UAT offers Associate, Bachelor's and Master's degrees, on campus and online. The school has an enrollment of approximately 1000 students. UAT also participates in a student exchange with DeMontfort University, UK.

History
Founded in 1983, the University of Advancing Technology was first known as CAD Institute, a small school focused on training engineers and architects in the then new field of computer-aided design. Students came to CAD Institute seeking professional development training and certifications. The institution received accreditation in 1987 by the Accrediting Council for Continuing Education and Training (ACECT) at the diploma and occupational associate's level.

In 1992, CAD Institute founded an initial research center, the Computer Reality Center. The center primarily performed research for the computer graphics industry, with specific emphasis on the field of virtual reality. The institute also shifted to a new accrediting agency, the Accrediting Council for Independent Colleges and Schools (ACICS), which certified it as a college.

In 1996, CAD Institute was accredited as a four-year institution. That same year, the institute began offering educational programs outside the CAD focus. In order to reflect the broadened technology focus of students within the institution, the CAD name was retired in 1997 and the institution was renamed the University of Advancing Computer Technology (UACT).
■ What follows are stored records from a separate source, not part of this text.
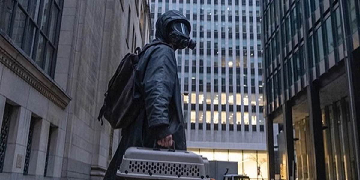 The premiere episode begins with shots of locations all over the world, where dead bodies litter the streets and memorials honor those that have apparently passed in a mass catastrophe. A monkey jumps into a taxicab and retrieves a pen for its owner, who trades a cracker for the writing implement. The man is spray painting a message on the walls of this city: “Beth, I’m alive. Come home. - Y” A crashed helicopter falls from the rooftop of a nearby skyscraper and Y (real name Yorick, played by Ben Schnetzer) dashes out of the way at the last second. The camera then pulls up and reveals the streets are also in the shape of a “Y” and the series enters its first opening credits sequence.
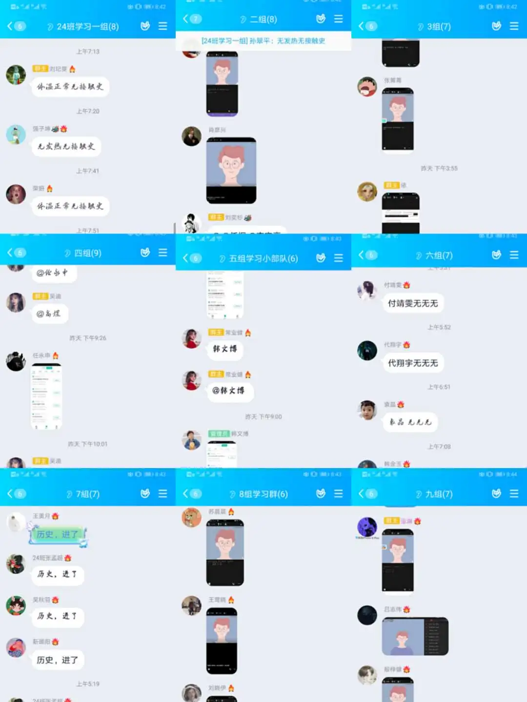 为了鼓励学生学习,不让任何一个同学掉队,贾老师加强线上管理,组建学习小组,每个组7-8人,组长负责考勤、作业统计,交给各科课代表。贾老师及时检查督促,定期召开线上家长会,和家长们沟通学生的线上学习状态。
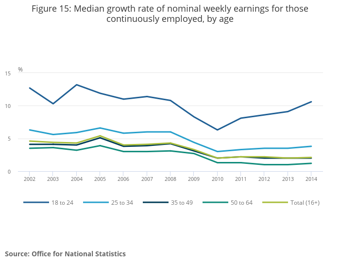 Figure 15: Median growth rate of nominal weekly earnings for those continuously employed, by age
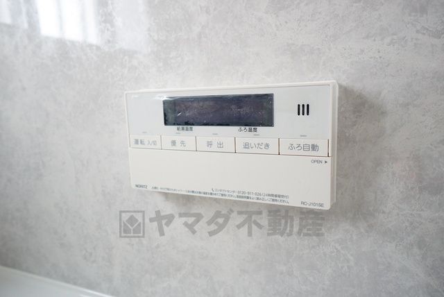 キッチン横からお湯張り、追い炊き、足し湯がボタン一つで楽々操作できる給湯機リモコンです。忙しい夕飯準備の時間帯に重宝しますね。
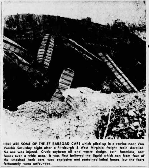 The train originated in Chicago and derailed in an interchange yard used by the Donora Southern railroad. Approximately 100 families along Pigeon Creek section of Monongahela, Frye Station, Hazel Kirk, Crackerjack and Van Voorhis. were forced to evacuate their homes until an all clear came from a bureau of mines chemical inspector at approximately 11:30 p.m.
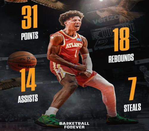 作为对比,上赛季的杰伦约翰逊:出战36场比赛,场均18.9分10.0篮板5.0助攻1.6抢断1.0盖帽,三项命中率50.0%/31.2%/74.6%,真实命中率56.9%。
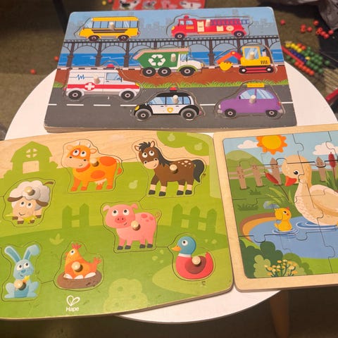 Taaperolle palapelit. Tehty ja hieman kulumaa nähtävissä joissain paloissa, mutta hyvin käyttökelpoiset mielestäni vielä. Toinen Hape -merkiltä.
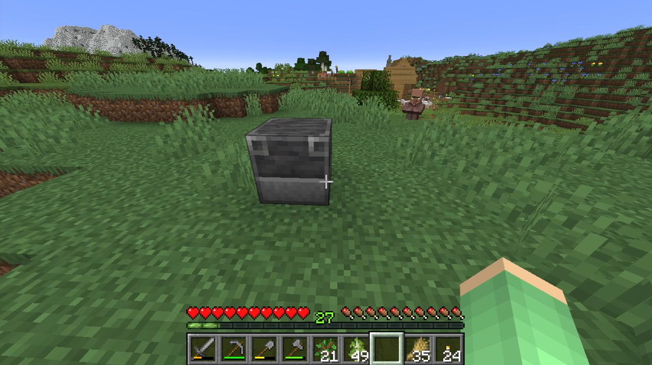 そして村から離れたところに設置すると、職に就こうとして職業ブロックまで移動します。
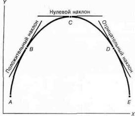 Многие кривые в экономике сначала возрастают, достигают максимума, а затем убывают. От А до С, в области возрастания кривой, наклон ее положителен (см. точку В). В области снижения кривой, от С до Е, наклон ее отрицателен (см. точку D). В точке максимума кривой — точке С, наклон равен 0. (Что же можно сказать об U-об-разной кривой ? Чему равен ее наклон в точке минимума?)
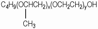 이 원료는 주로 다음의 구조를 갖는 부틸알코올의 폴리옥시프로필렌, 폴리옥시에칠렌에텔이다. x는 평균 12, y는 평균 161이다. |
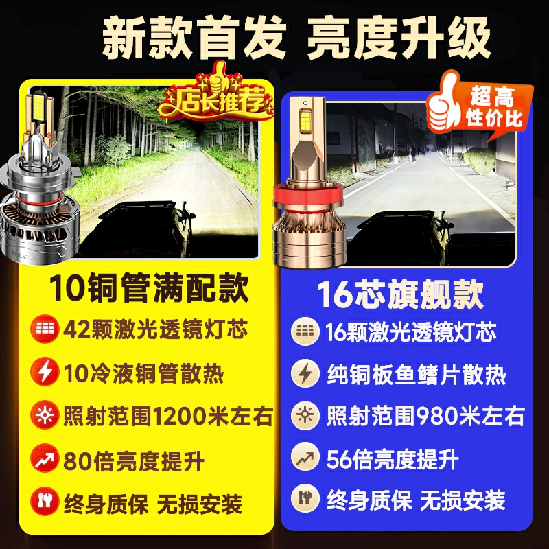 汽车激光LED大灯泡强光车灯9005超亮h4远光近光一体h7透镜改装 h11

Associated with a growth in programs and the student body, the institution designed and built a technology-oriented  campus in 1998 in Tempe, Arizona. The building features classrooms, computer labs and computing commons outfitted with approximately 300 computer workstations and an extensive technology infrastructure. Also in 1998, UACT received approval from ACICS to offer a Master of Science in Technology degree. In 2000, it received approval to offer online courses.

The institution made another incremental change in its name in 2002, when it became the University of Advancing Technology (UAT) to recognize that computer technology had evolved beyond the personal computer to encompass all devices that communicate, manage information, and provide connections through all media, including the Internet. In 2003, UAT offered its first online bachelor's degree in game design.
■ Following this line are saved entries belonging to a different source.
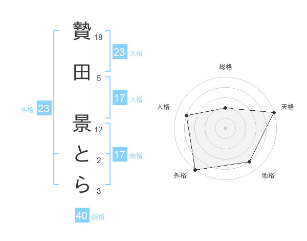 贄田 景とらさんの天格は23画の5点!
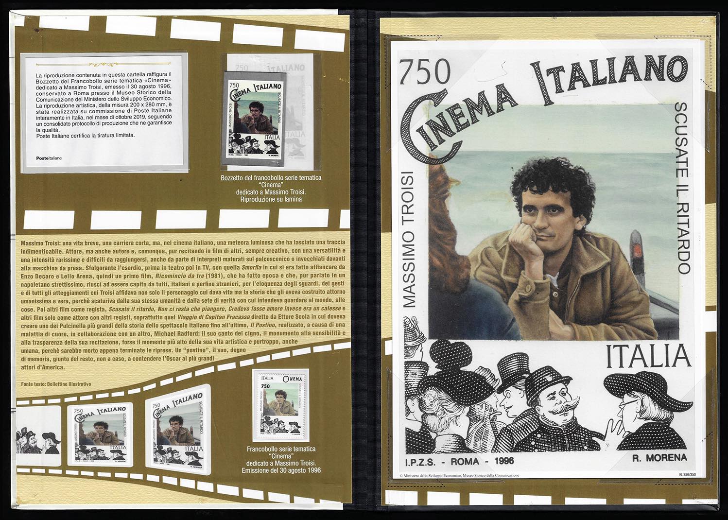 FOLDER 2019 - Folder Massimo Troisi, 750 lire (2233), contenente la riproduzione del bozzetto originale, il francobollo e la sua riproduzione su lamina d'argento, perfetto. Questo raro insieme ha avuto una tiratura di soli 350 esemplari. Cert. Ferrario.
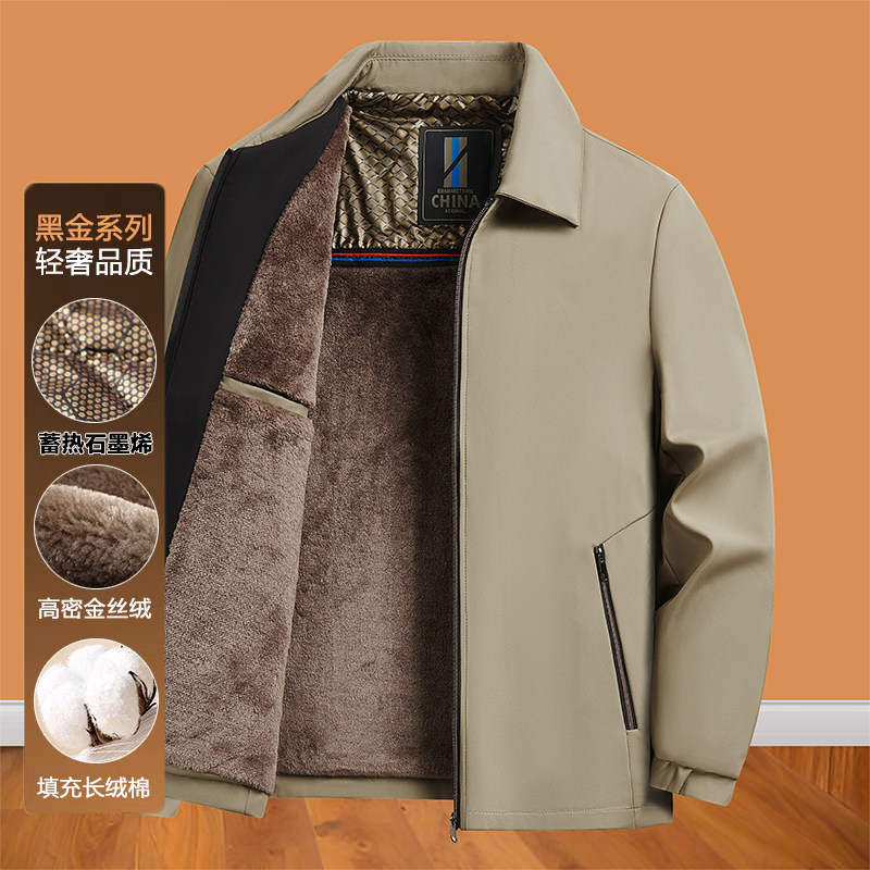 秋冬保暖爸爸中老年人休闲夹克冬装中年男士加绒加厚翻领宽松外套
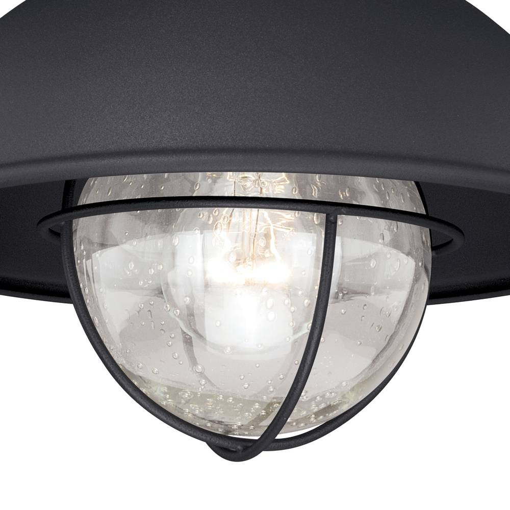The Harwich flush mount barn light features a textured black finish with clear seeded glass shade. Its iconic nautical-style is at home in a cottage, country or coastal setting and is exactly what is needed to add style and distinction to any entryway, porch or patio area.
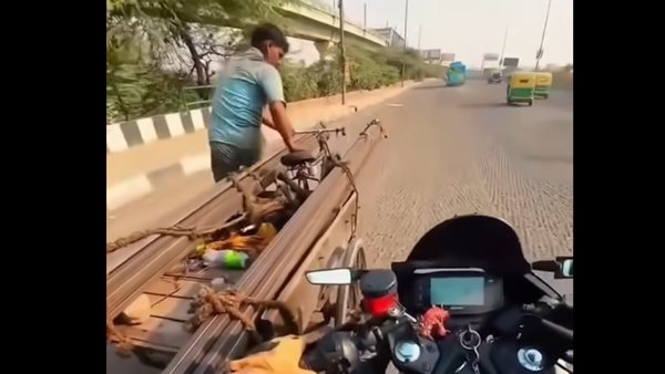ووفق الفيديو، كان سائق الدراجة يحاول طلوع الكوبري وهو محمل بالحديد، إلا أن ثِقل الحديد منعه من ذلك، ليفاجئ بشاب على موتوسيكل يساعده في دفع الدراجة إلى أعلى الكوبري.

In the fall of 2007, housing facilities for 260 students were opened on campus. That same year, UAT became a candidate with The Higher Learning Commission and an affiliate of the North Central Association. In recognition of the quality of its Network Security program, the university was also designated a Center of Academic Excellence by the National Centers of Information Assurance Education (CAEIAE) sponsored by the U.S. National Security Agency and the Homeland Security Department.

Academics
UAT offers associate, bachelor's, and master's degree programs. There are 20 different undergraduate majors and 5 areas of study at the graduate level, with focus on technology innovation, video game design and programming, digital media, robotics, cyber security, and computer science.

Accreditations, authorizations, and approvals
In 2009, UAT became accredited by The Higher Learning Commission and a member of the North Central Association of Colleges and Schools. to award associate degrees, bachelor's degrees and master's degrees. The school's programs do not have ABET or ATMAE accreditation.

UAT was designated a Center of Academic Excellence by the National Centers of Information Assurance Education (CAEIAE) sponsored by the U.S. National Security Agency and the Department of Homeland Security.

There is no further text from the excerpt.